Synthesis of Compound 4:

adding 60g of ice into a 500mL three-necked bottle, adding 150g of concentrated sulfuric acid, 60g of AcOH and 50g of compound 3 under stirring, heating to 120-125 ℃, and stirring for 4 hours. Cooling to 30-40 ℃, and dropwise adding NaNO₂The aqueous solution (34.1g sodium nitrite in 70mL water) was exothermic and a large amount of gas was formed. Stirring overnight, and supplementing NaNO₂The aqueous solution (16g sodium nitrite in 32mL water) continues to react; after the reaction was completed, 100mL of water was added, filtered, and the filter cake was washed with water and dried to obtain 50g of Compound 4 as white crystals with a yield of 89% and an HPLC purity of 99.04%.

Example 6

Synthesis of Compound 4:

80g of ice was added to a 500mL three-necked flask, and 150g of concentrated sulfuric acid, 70g of AcOH and 50g of Compound 3 were added with stirring, and the mixture was heated to reflux and stirred for 4 hours. Cooling to 20-30 ℃, and dropwise adding NaNO₂Aqueous solution (68.3g sodium nitrite in 125mL water), exothermic and large amount of gas generatedAnd (4) obtaining. Stirring overnight, after the reaction was complete as monitored by HPLC; 100mL of water was added, filtered, and the filter cake was washed with water and dried to give 51.2g of Compound 4 as white crystals in 91% yield and 99.10% HPLC purity.

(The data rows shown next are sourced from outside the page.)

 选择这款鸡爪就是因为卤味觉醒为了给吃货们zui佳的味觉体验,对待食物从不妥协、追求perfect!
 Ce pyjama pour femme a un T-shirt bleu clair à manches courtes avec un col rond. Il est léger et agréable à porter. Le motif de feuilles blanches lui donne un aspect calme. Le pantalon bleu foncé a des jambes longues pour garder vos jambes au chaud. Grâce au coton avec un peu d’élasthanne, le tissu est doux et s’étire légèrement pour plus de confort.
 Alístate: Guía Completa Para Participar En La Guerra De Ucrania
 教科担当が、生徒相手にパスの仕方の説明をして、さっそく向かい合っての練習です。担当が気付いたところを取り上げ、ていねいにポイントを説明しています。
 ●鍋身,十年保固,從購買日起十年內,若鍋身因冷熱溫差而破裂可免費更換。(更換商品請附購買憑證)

It should be noted that, in each step, other auxiliary steps for collecting the product, increasing the yield, increasing the product purity, removing impurities, etc. may be adopted, such as common auxiliary means of filtration, washing, extraction, purification, drying, etc.

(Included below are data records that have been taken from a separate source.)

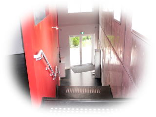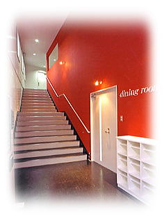 玄関を入ってすぐのロビーです。『赤』の壁が印象的です。もっとも大好きな空間です。卒業アルバムのクラス写真なんかにいいんじゃないかなぁ?
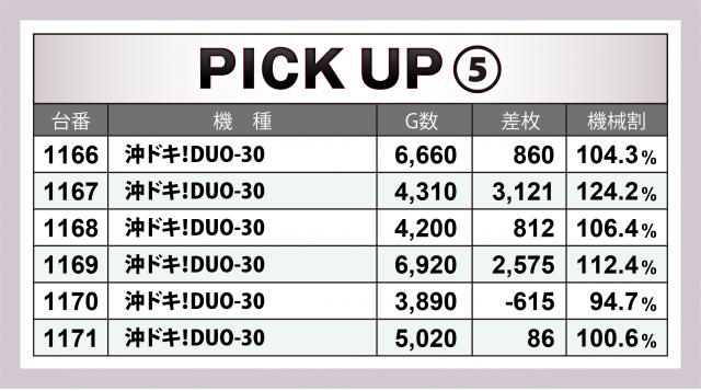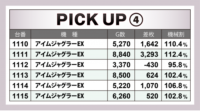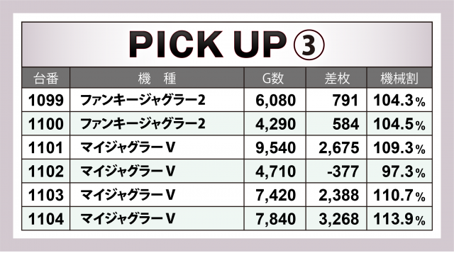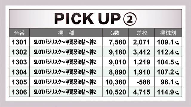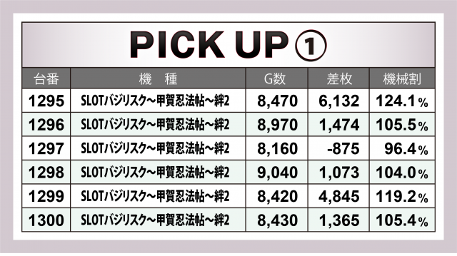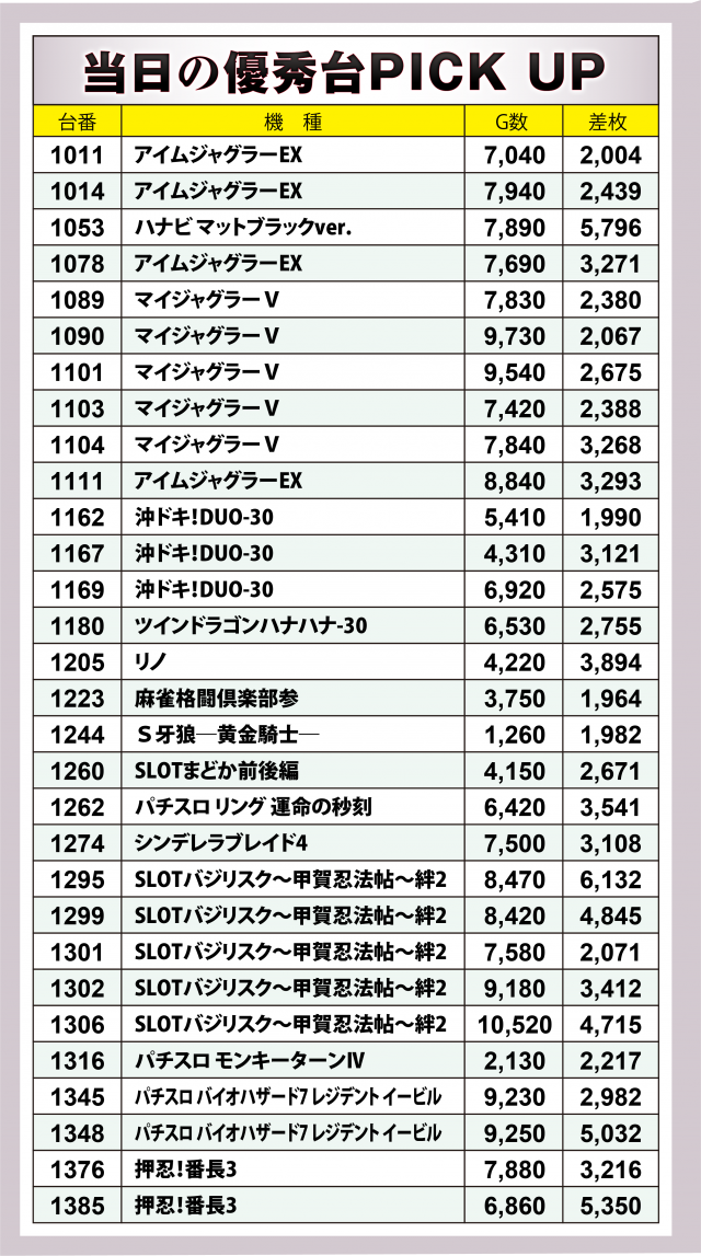 またこの日は5機種の好況横並びスポットが出現。中でも『SLOTバジリスク〜甲賀忍法帖〜絆2』は12台が対象でトータル+2万6千枚近い差枚数に。中には6千枚突破台も! その他ではジャグラーシリーズ3機種も対象となりマイナス台もあったが安定した結果を残した。
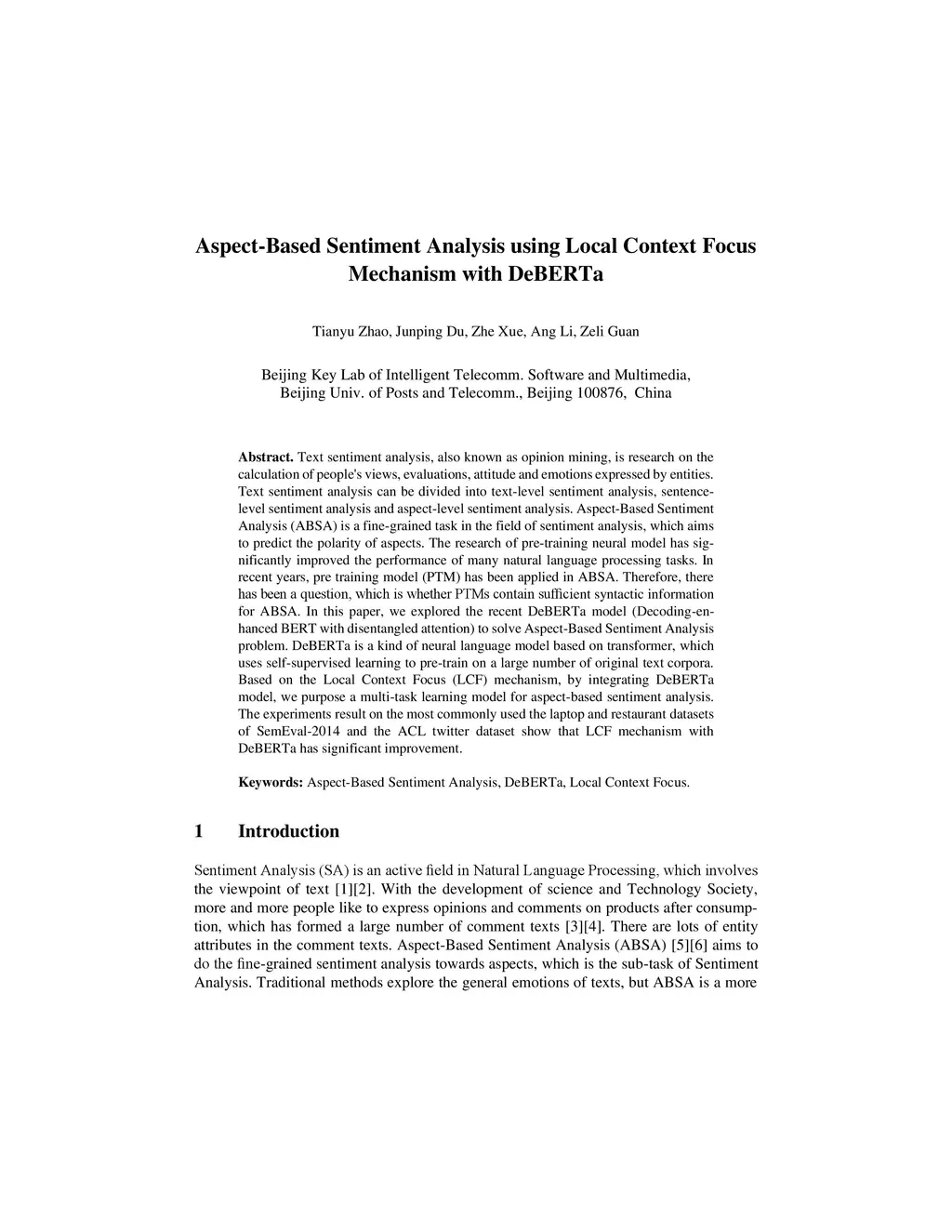 Text sentiment analysis, also known as opinion mining, is research on the calculation of people's views, evaluations, attitude and emotions expressed by entities. Text sentiment analysis can be divided into text-level sentiment analysis, sen-tence-level sentiment analysis and aspect-level sentiment analysis. Aspect-Based Sentiment Analysis (ABSA) is a fine-grained task in the field of sentiment analysis, which aims to predict the polarity of aspects. The research of pre-training neural model has significantly improved the performance of many natural language processing tasks. In recent years, pre training model (PTM) has been applied in ABSA. Therefore, there has been a question, which is whether PTMs contain sufficient syntactic information for ABSA. In this paper, we explored the recent DeBERTa model (Decoding-enhanced BERT with disentangled attention) to solve Aspect-Based Sentiment Analysis problem. DeBERTa is a kind of neural language model based on transformer, which uses self-supervised learning to pre-train on a large number of original text corpora. Based on the Local Context Focus (LCF) mechanism, by integrating DeBERTa model, we purpose a multi-task learning model for aspect-based sentiment analysis. The experiments result on the most commonly used the laptop and restaurant datasets of SemEval-2014 and the ACL twitter dataset show that LCF mechanism with DeBERTa has significant improvement.

While the invention has been described with reference to specific preferred embodiments, it will be understood by those skilled in the art that various changes in form and details may be made therein without departing from the spirit and scope of the invention as defined by the appended claims,

the above-mentioned embodiments only express several embodiments of the present invention, and the description thereof is more specific and detailed, but not construed as limiting the scope of the present invention. It should be noted that, for a person skilled in the art, several variations and modifications can be made without departing from the inventive concept, which falls within the scope of the present invention. Therefore, the protection scope of the present patent shall be subject to the appended claims.